Correlation Between Intel and BP Plc
Can any of the company-specific risk be diversified away by investing in both Intel and BP Plc at the same time? Although using a correlation coefficient on its own may not help to predict future stock returns, this module helps to understand the diversifiable risk of combining Intel and BP Plc into the same portfolio, which is an essential part of the fundamental portfolio management process.
By analyzing existing cross correlation between Intel and BP plc, you can compare the effects of market volatilities on Intel and BP Plc and check how they will diversify away market risk if combined in the same portfolio for a given time horizon. You can also utilize pair trading strategies of matching a long position in Intel with a short position of BP Plc. Check out your portfolio center. Please also check ongoing floating volatility patterns of Intel and BP Plc.
Diversification Opportunities for Intel and BP Plc
Very good diversification
The 3 months correlation between Intel and BSU is -0.38. Overlapping area represents the amount of risk that can be diversified away by holding Intel and BP plc in the same portfolio, assuming nothing else is changed. The correlation between historical prices or returns on BP plc and Intel is a relative statistical measure of the degree to which these equity instruments tend to move together. The correlation coefficient measures the extent to which returns on Intel are associated (or correlated) with BP Plc. Values of the correlation coefficient range from -1 to +1, where. The correlation of zero (0) is possible when the price movement of BP plc has no effect on the direction of Intel i.e., Intel and BP Plc go up and down completely randomly.
Pair Corralation between Intel and BP Plc
Assuming the 90 days trading horizon Intel is expected to generate 1.75 times more return on investment than BP Plc. However, Intel is 1.75 times more volatile than BP plc. It trades about 0.06 of its potential returns per unit of risk. BP plc is currently generating about 0.02 per unit of risk. If you would invest 1,809 in Intel on September 14, 2024 and sell it today you would earn a total of 162.00 from holding Intel or generate 8.96% return on investment over 90 days.
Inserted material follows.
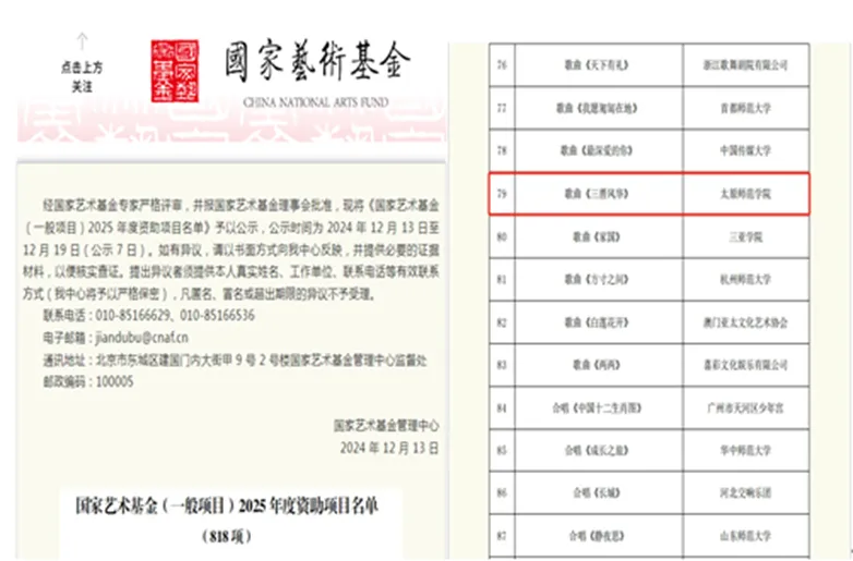 我校倾力打造的原创大型情景交响合唱作品《太行大合唱》,在创作过程中遵循了“三进入、三培养、三服务”的理念。其中的代表作《三晋风华》获小型剧目和作品创作项目批立项。与此同时,《太行大合唱》也于获批山西省艺术基金2024年度优秀剧目交流传播推广资助项目。此次两部作品的获批,不仅是对其艺术价值的肯定,也是其文化影响力在国家级和省级层面的高度认可,标志着我校艺术创作的实力和影响力得到了显著提升。

Time Period | 3 Months [change] |
Direction | Moves Against |
Strength | Insignificant |
Accuracy | 100.0% |
Values | Daily Returns |
Intel vs. BP plc
Performance |
Timeline |
Intel |
BP plc |
Intel and BP Plc Volatility Contrast
Predicted Return Density |
Returns |
Pair Trading with Intel and BP Plc
The main advantage of trading using opposite Intel and BP Plc positions is that it hedges away some unsystematic risk. Because of two separate transactions, even if Intel position performs unexpectedly, BP Plc can make up some of the losses. Pair trading also minimizes risk from directional movements in the market. For example, if an entire industry or sector drops because of unexpected headlines, the short position in BP Plc will offset losses from the drop in BP Plc's long position.Intel vs. China Communications Services | Intel vs. THORNEY TECHS LTD | Intel vs. ACCSYS TECHPLC EO | Intel vs. FARO Technologies |
BP Plc vs. THORNEY TECHS LTD | BP Plc vs. Axcelis Technologies | BP Plc vs. FARO Technologies | BP Plc vs. GLG LIFE TECH |
Check out your portfolio center.Note that this page's information should be used as a complementary analysis to find the right mix of equity instruments to add to your existing portfolios or create a brand new portfolio. You can also try the Positions Ratings module to determine portfolio positions ratings based on digital equity recommendations. Macroaxis instant position ratings are based on combination of fundamental analysis and risk-adjusted market performance.